● EXERCISE INPUTS
------------------------------------------------------------------------

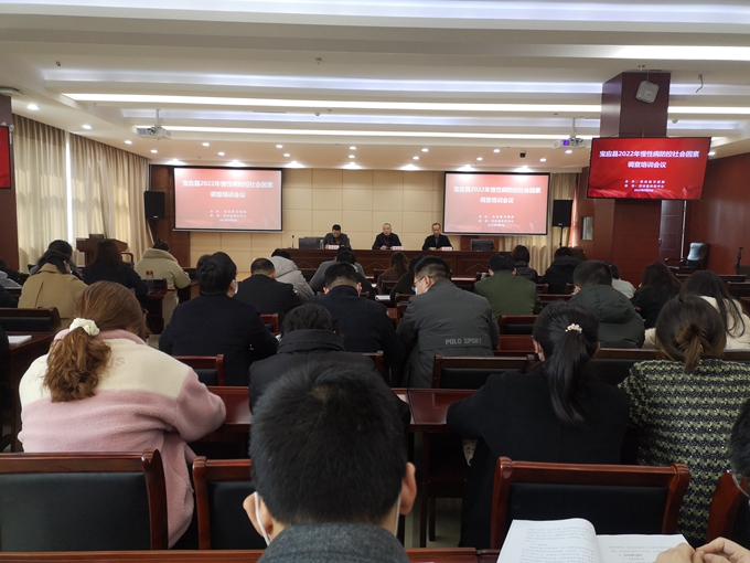 本次会议由梁永春同志主持,会议首先戴主红副主任作了讲话,他对本次调查提出四点要求:一是要强化领导,精心组织。各镇要认真按照《宝应县2022年慢性病防控社会因素调查实施方案》要求,认真准备,成立调查工作领导小组,专人负责,明确分工,层层落实。要制订调查计划,做好日程安排。同时要争取镇、村领导支持和配合,广泛宣传动员,提高调查村组人员参与的积极性。二是要强化培训,保质保量按序时完成调查任务。因疫情防控工作要求,今天仅有部分调查岗位的同志参加县级培训,会后各镇还要进行再培训,弄懂吃透方案精神与要求,熟练掌握调查流程和内容,落实每一个岗位培训,岗位人员培训合格率达到100%。三是强化调查项目资金管理,做到专款专用。四是强化督导,全程跟踪服务,为社会因素调查奠定基础。其次由县疾控中心慢病科朱立文科长解读《宝应县2022年慢性病防控社会因素方案》,布置当天调查工作任务,对调查问卷填写进行培训,并要求与会对象进行现场问卷模拟填写。
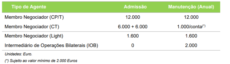 Todos os membros ou participantes do mercado estão sujeitos ao pagamento de uma comissão no momento de admissão, sendo que é também devida uma Comissão de Manutenção Anual, com a estrutura constante da tabela seguinte.
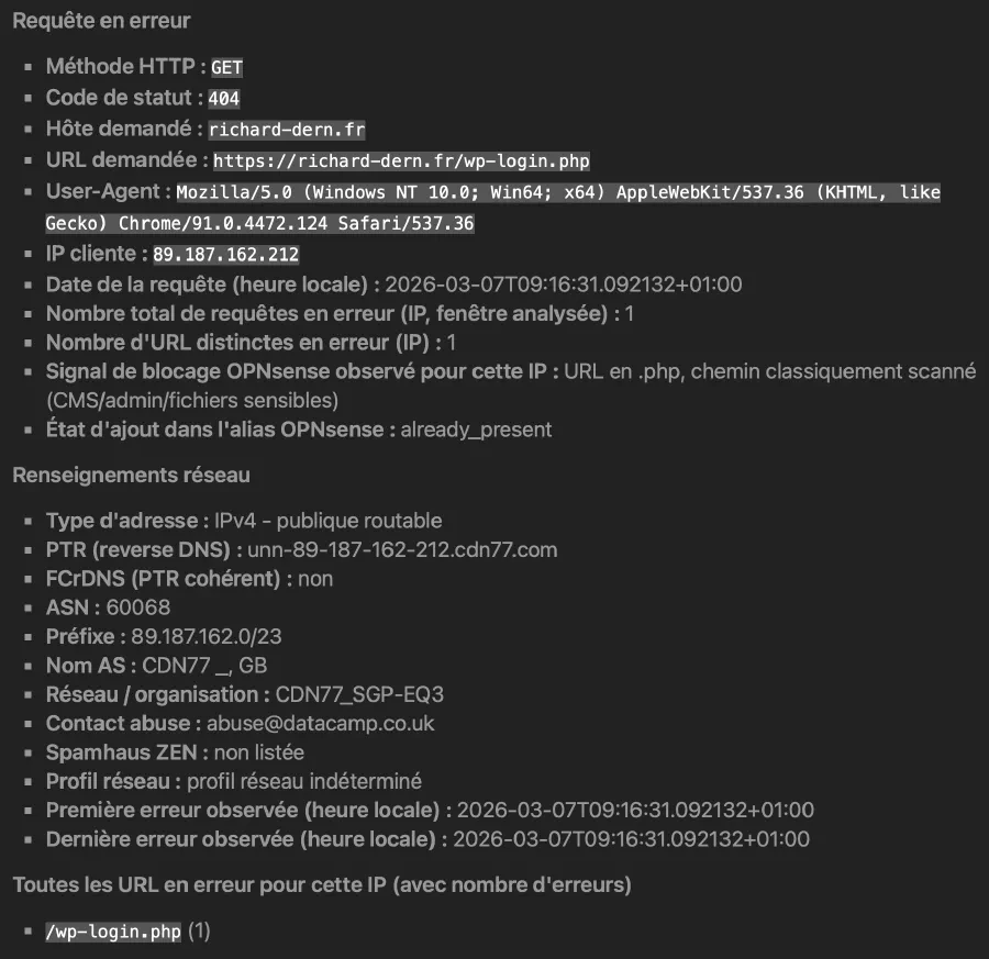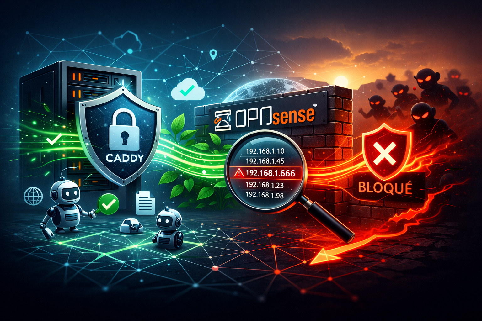 Mon besoin est un peu différent : je veux décider à partir des journaux HTTP de server-main, mais appliquer le blocage à l’entrée de mon réseau, sur OPNsense, via son API.
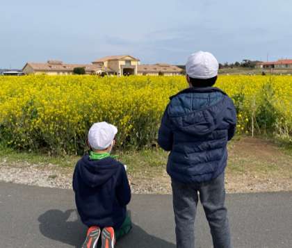 テーマパークで働く人々が工夫されている点を礼儀正しくインタビューしているグループや菜の花畑を見て、短歌を考えている子どもたちと出会いました!
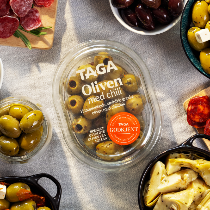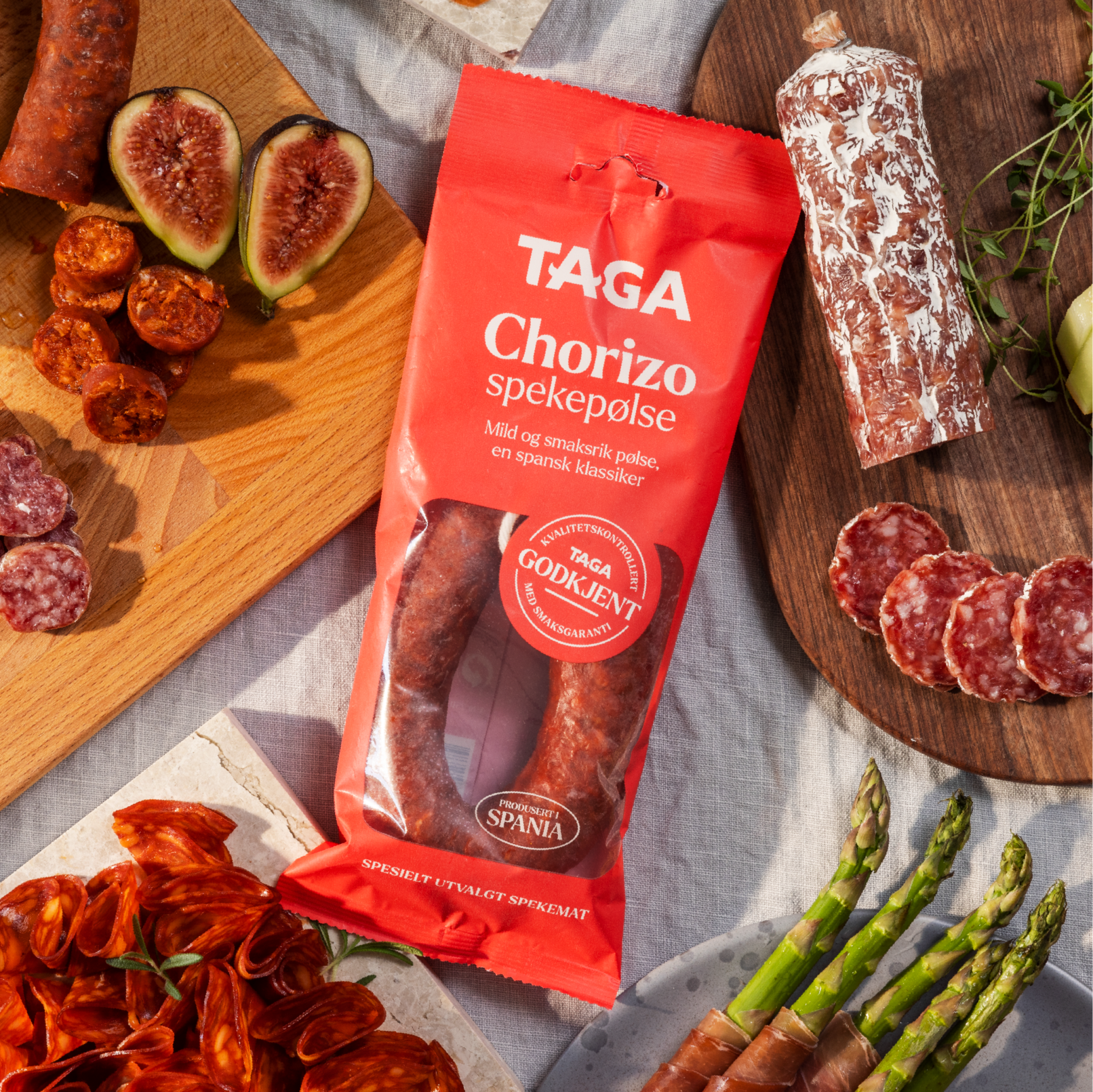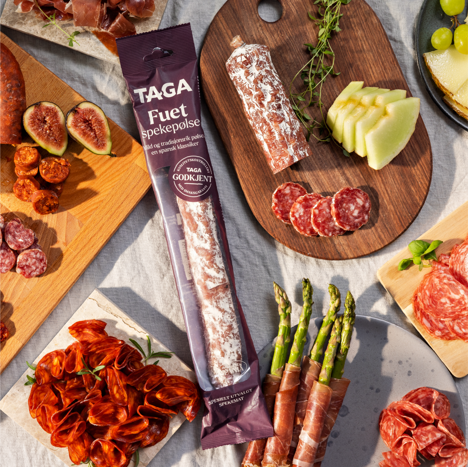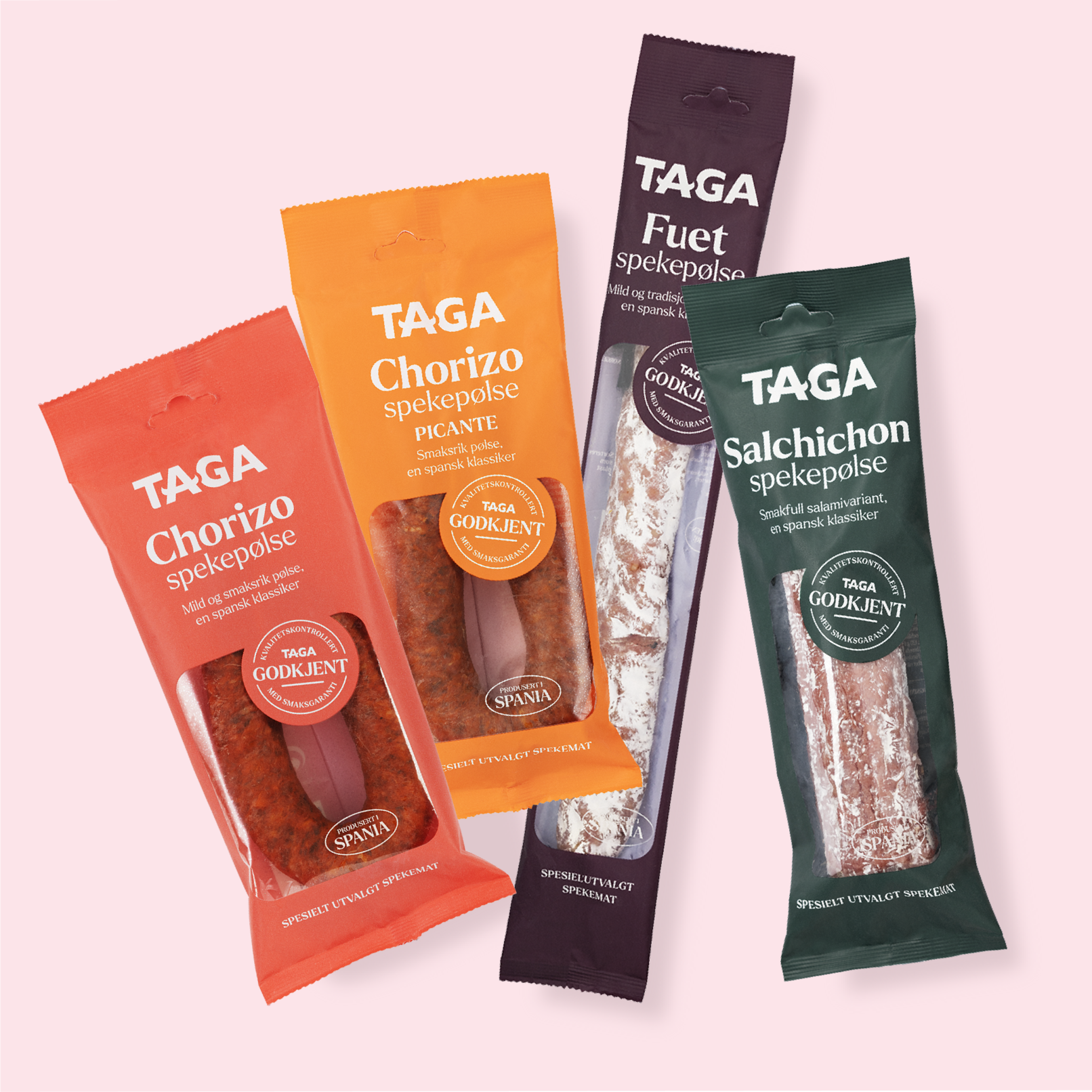 Taga jobber med spekemat og tapasprodukter fra basen sin i Trondheim, med følere ute til ulike matprodusenter rundt middelhavet. Det var en god porsjon eventyrlyst og kjærlighet til gode matopplevelser som fikk dem inn i bransjen i 1994. På få år har Taga arbeidet seg opp til å bli en betydelig leverandør av spekeprodukter til det norske markedet. Og ikke minst, markert seg med sans for smak og kvalitet. Vi i Bardus Design har jobbet med Taga i mange år, og har nå redesignet deres basic serie med spansk spekemat.
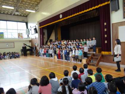 1年生は呼びかけと歌「ドキドキドン!1年生」を、大きな声で堂々と発表。たくさんの拍手をもらってうれしそうでした。
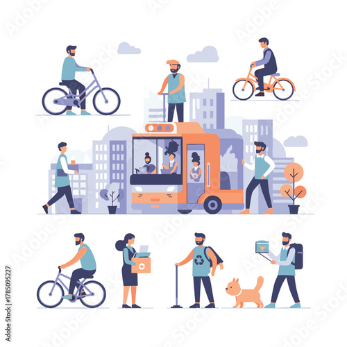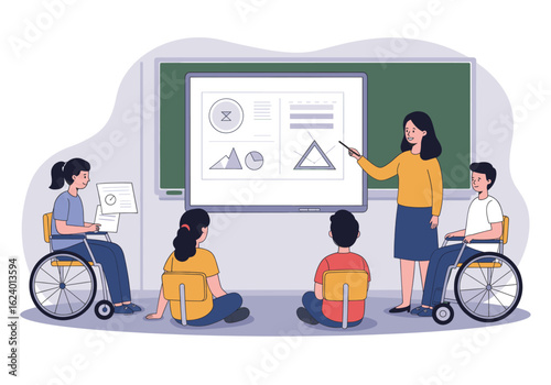 Man in wheelchair barrier free environment for transportation in bus vector icon isolated on white background
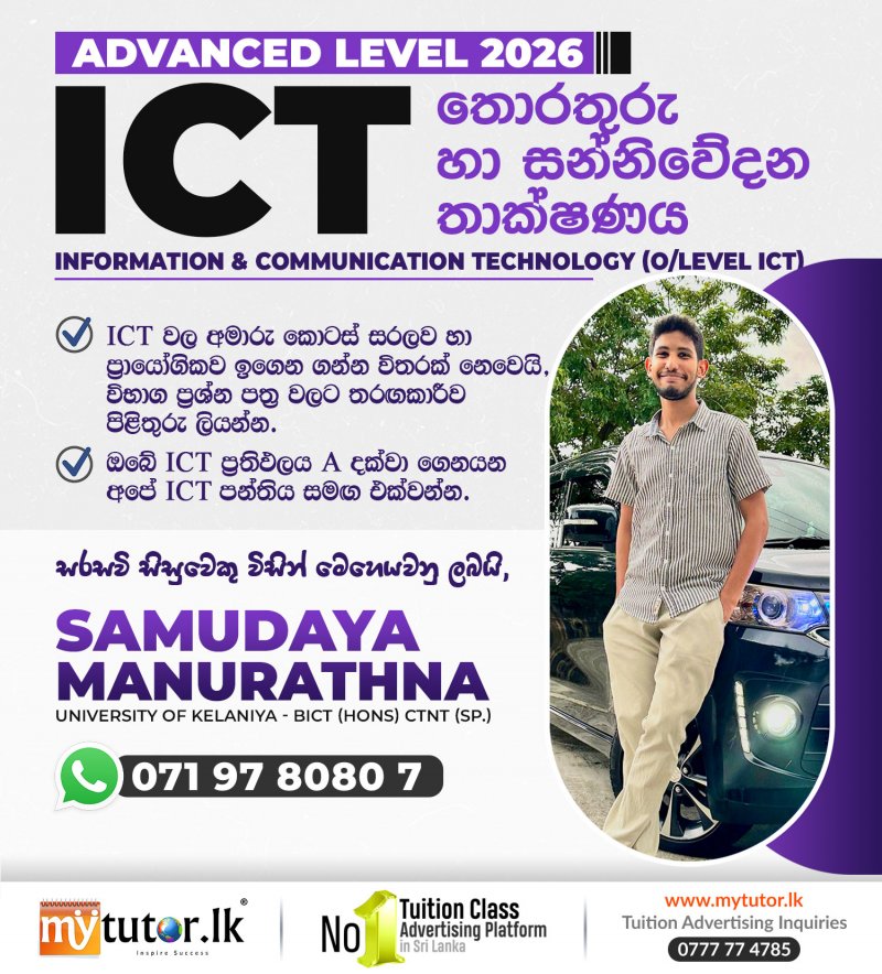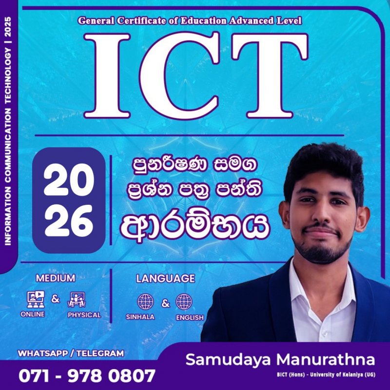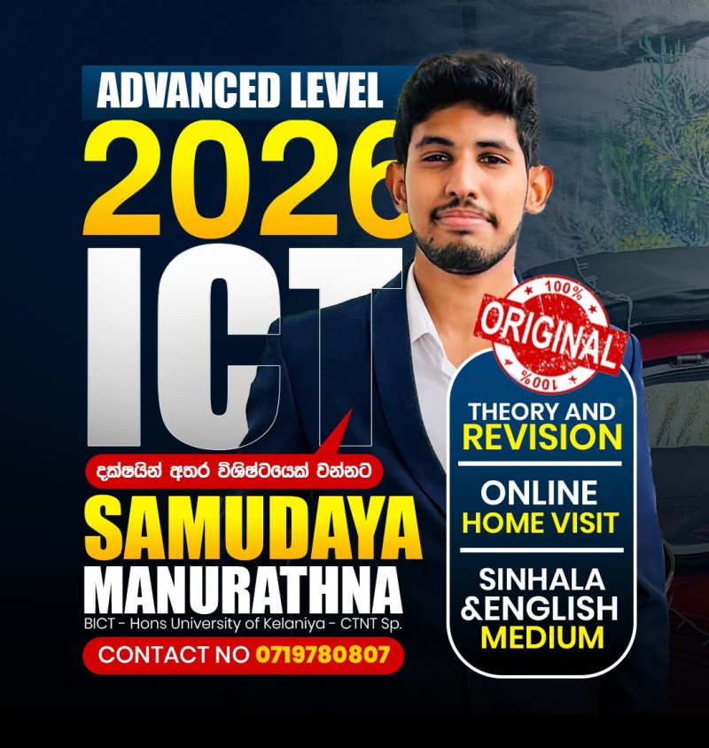 ඔබේ සොදුරු සරසවි සිහිනයට යන මාවතේ...... මගහැරිය නොහැකි ICT A සිහිනයට ... අපෙන් අත්වැලක්... අ.පො.ස උසස් පෙළ තොරතුරු සහ සන්නිවේදන තාක්ෂණය.... Advance Level Information and Communication Technology.. 2025 A/L සදහා පුනරීක්ෂණ පන්ති ආරම්භය ...... 0719780807 අංකයට ඔබේ නම සහ උසස් පෙළ වර්ෂය සමගින් කෙටි පණිවිඩයක් යොමු කර දැන්ම ලියාපදිංචි වන්න... # A සිහිනය, සිහිනයක් නොවන්නට..... #EICT #Alevel #ICT #පන්ති #උසස්පෙළ #bridebridge
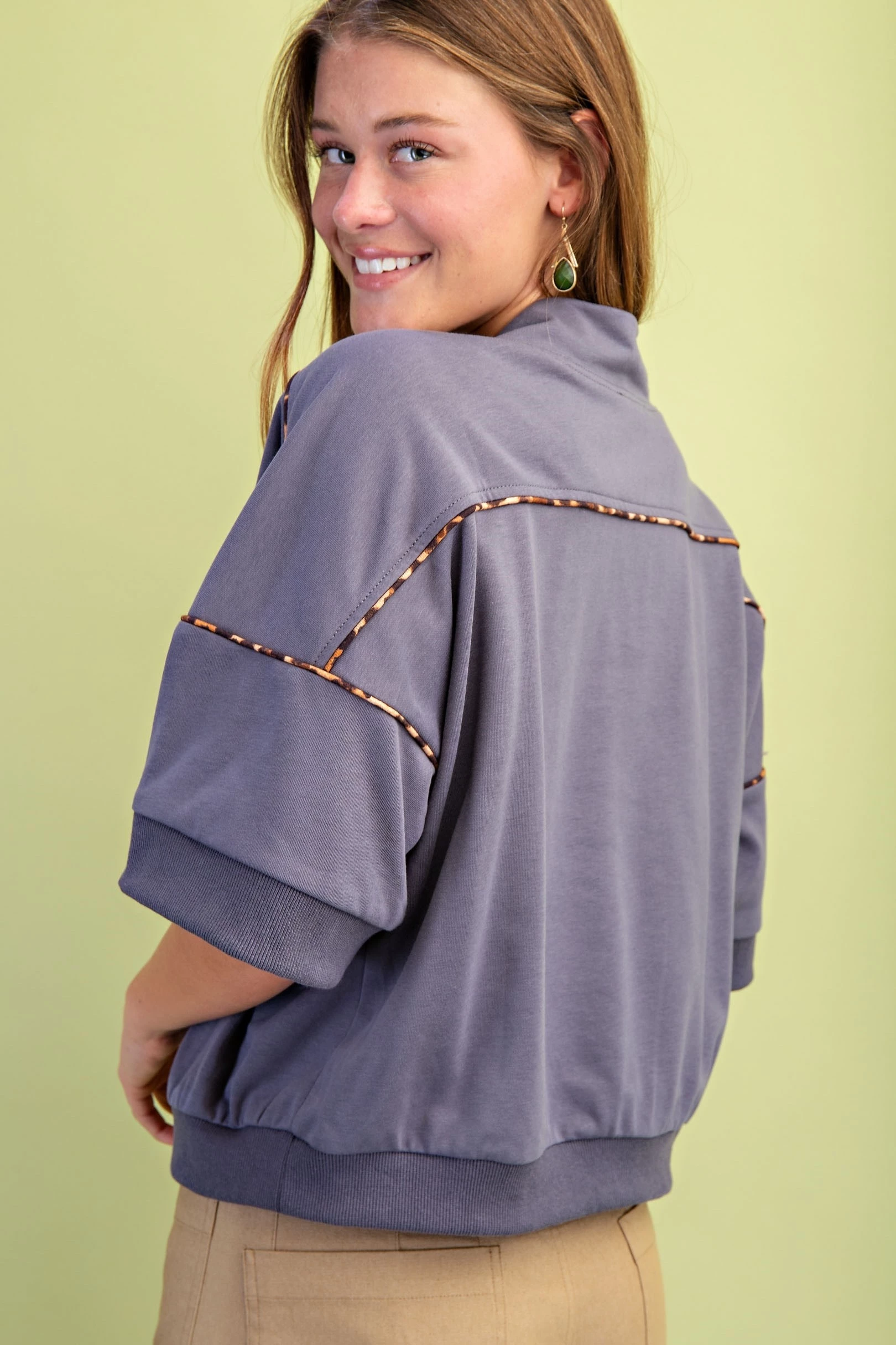 Western Embroidered Sweatshirt with Leopard Piping Details

------------------------------------------------------------------------

● WORK INSTRUCTION
Everything from the line with "Man in wheelchair" through the final line of the records above should be written out exactly, minus the pictures.

● ANSWER SPACE
 Man in wheelchair barrier free environment for transportation in bus vector icon isolated on white background
 ඔබේ සොදුරු සරසවි සිහිනයට යන මාවතේ...... මගහැරිය නොහැකි ICT A සිහිනයට ... අපෙන් අත්වැලක්... අ.පො.ස උසස් පෙළ තොරතුරු සහ සන්නිවේදන තාක්ෂණය.... Advance Level Information and Communication Technology.. 2025 A/L සදහා පුනරීක්ෂණ පන්ති ආරම්භය ...... 0719780807 අංකයට ඔබේ නම සහ උසස් පෙළ වර්ෂය සමගින් කෙටි පණිවිඩයක් යොමු කර දැන්ම ලියාපදිංචි වන්න... # A සිහිනය, සිහිනයක් නොවන්නට..... #EICT #Alevel #ICT #පන්ති #උසස්පෙළ #bridebridge
 Western Embroidered Sweatshirt with Leopard Piping Details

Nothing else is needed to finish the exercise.